At the time I was seeing a functional medicine doc who gave me loads of herbal based antimicrobials and also series therapy (this one: https://revelationhealth.com/products/desbio-mycoplasma-series-therapy-kit ). Those did help, and my IgG went down, however it took 6-8 months. After the 6-8 months, I did notice that I wasn't depressed anymore. Then later, after I got ME, I did a Vitamin C IV and the last lingering bit of my altered smelling went away. I take it to mean that I might have gotten rid of the Mycoplasma...or rid of it enough, for now.
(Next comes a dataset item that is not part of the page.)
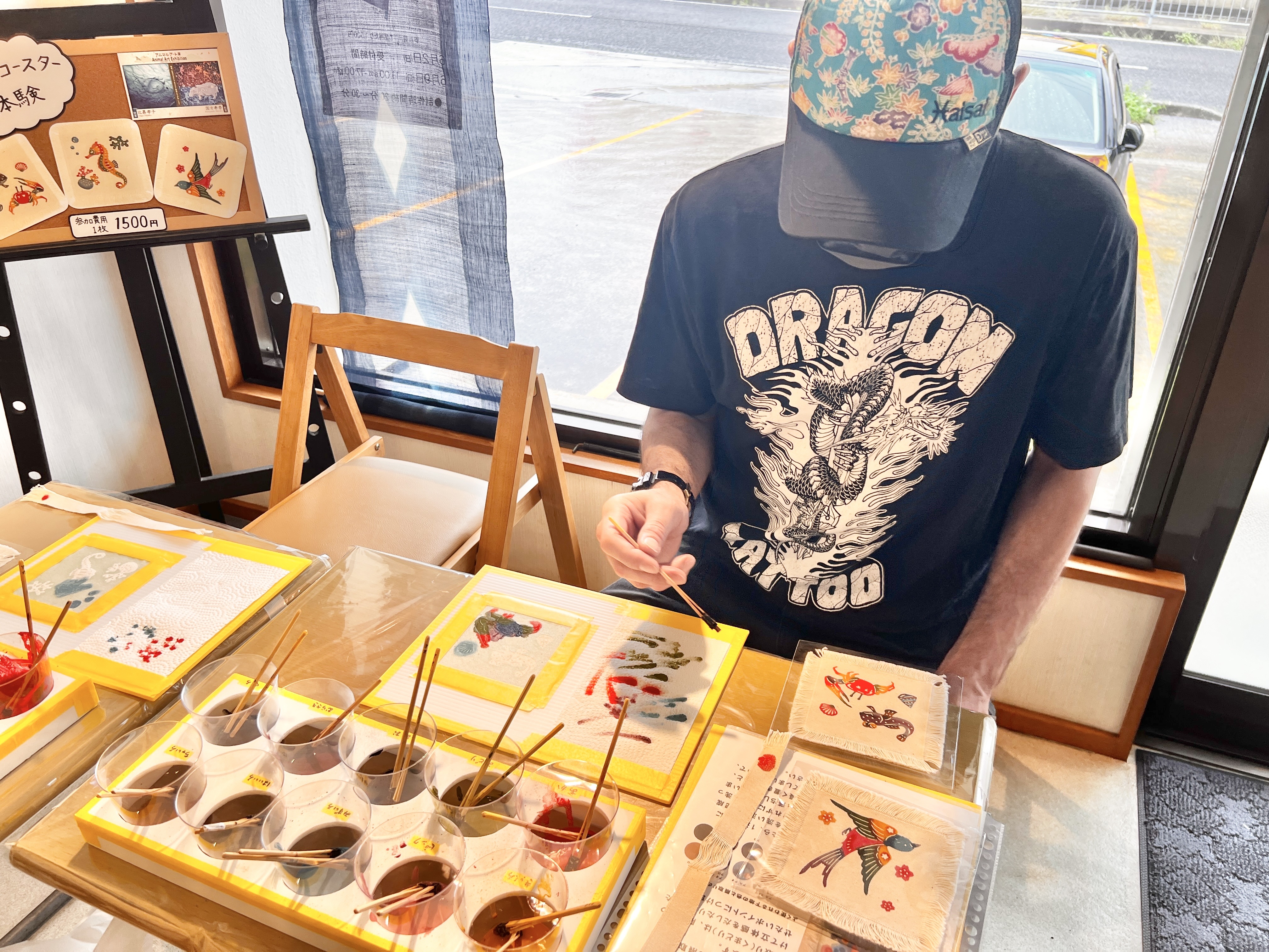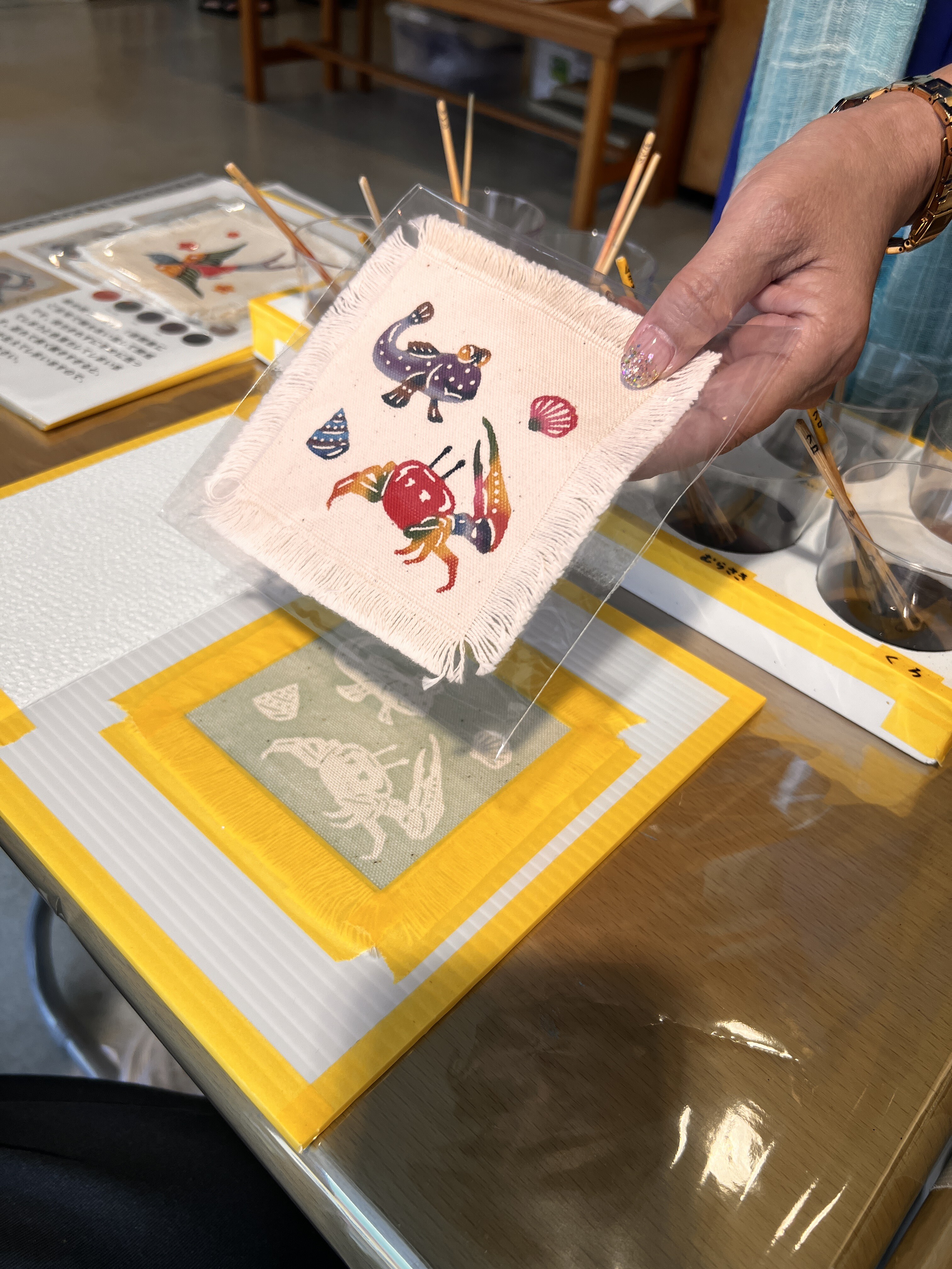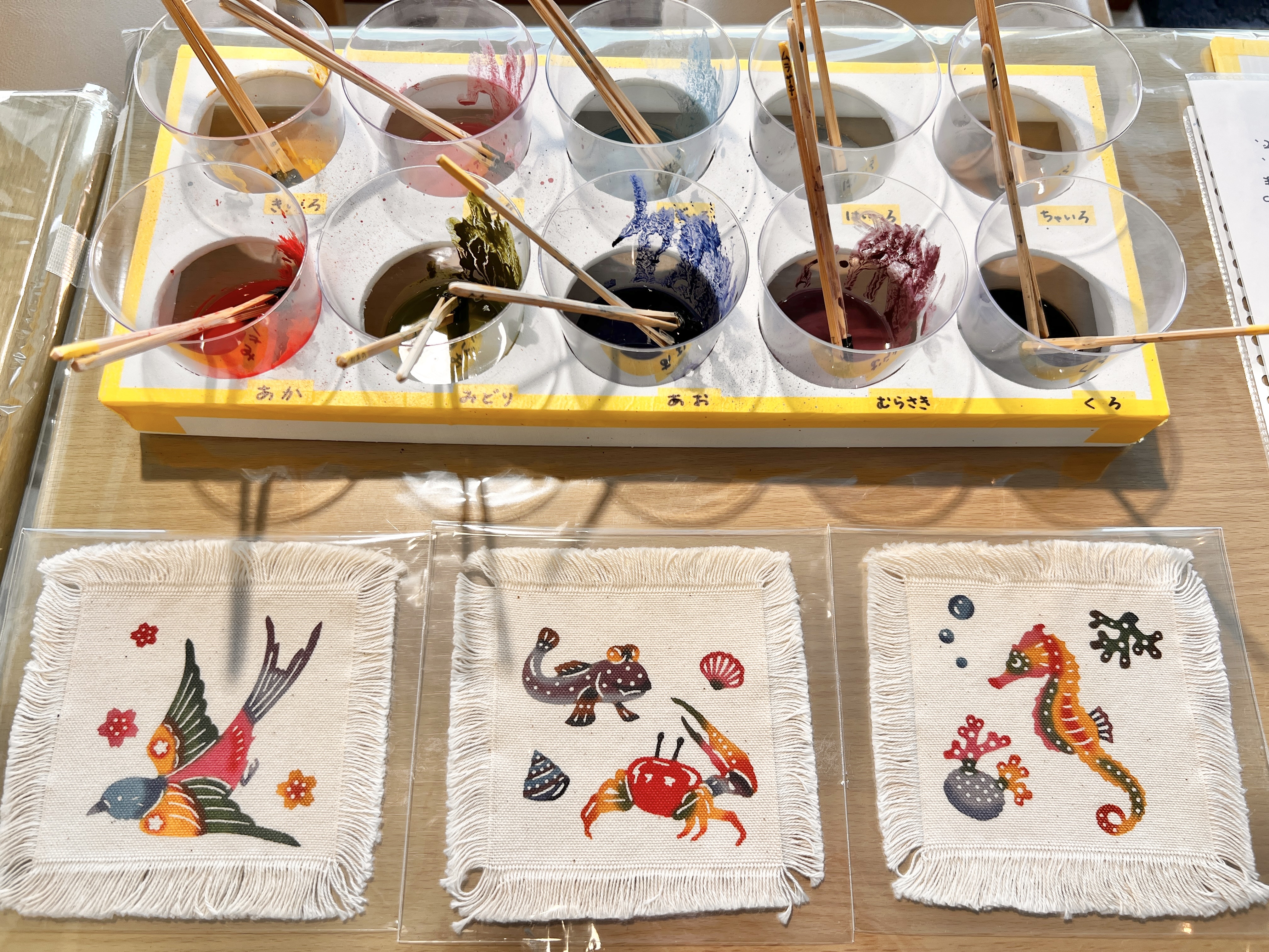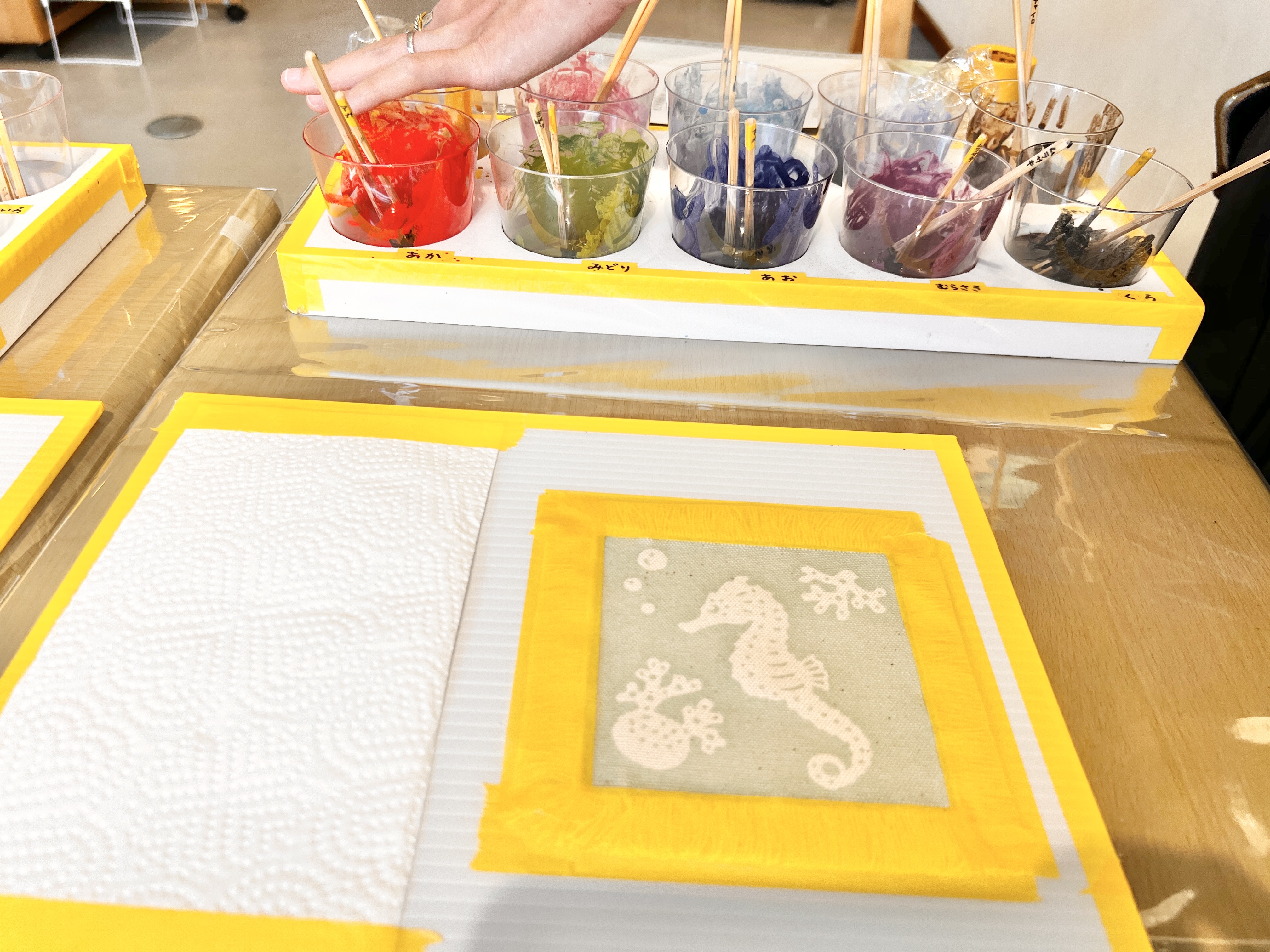 今回の展覧会期間中のうち2日間は、国吉さんのデザインによる紅型コースターの色付体験ができるワークショップも開催されました。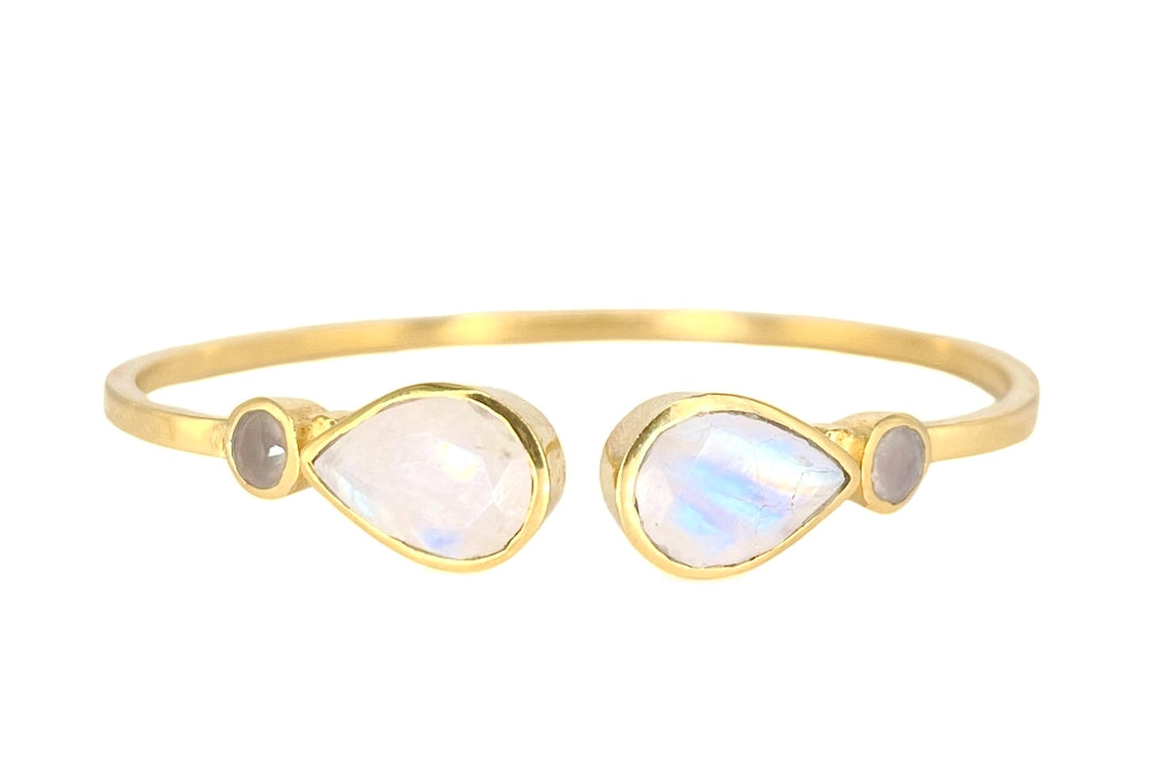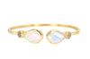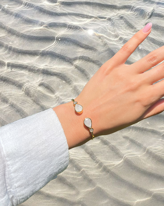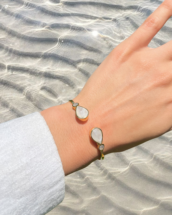 Deze stijlvolle, verstelbare armband is ontworpen voor elke pols en elke gelegenheid. De armband is bezet met twee druppelvormige Regenboog Maansteen en afgewerkt met subtiele Agaat steentjes. Dankzij het open ontwerp past hij comfortabel om elke pols. De warme gouden toon en fonkelende edelstenen zorgen voor een stijlvolle en verfijnde uitstraling – perfect voor dagelijks gebruik of een speciale gelegenheid.

So you can look into natural antimicrobials and series therapy and maybe find a Natropath or someone who does it. This has to be approached carefully too, as some people can have quite a reaction. You might try Vitamin C IV as well, it might help some.
it's a nasty little bug, heh, that's an understatement ! Yeah random depression, usually for entire days in a row, and all sorts of disparate symptoms: tendency towards arthritis, swelling in the knees, allergy reactions, inability to cope with high or low temperatures, food intolerances etc...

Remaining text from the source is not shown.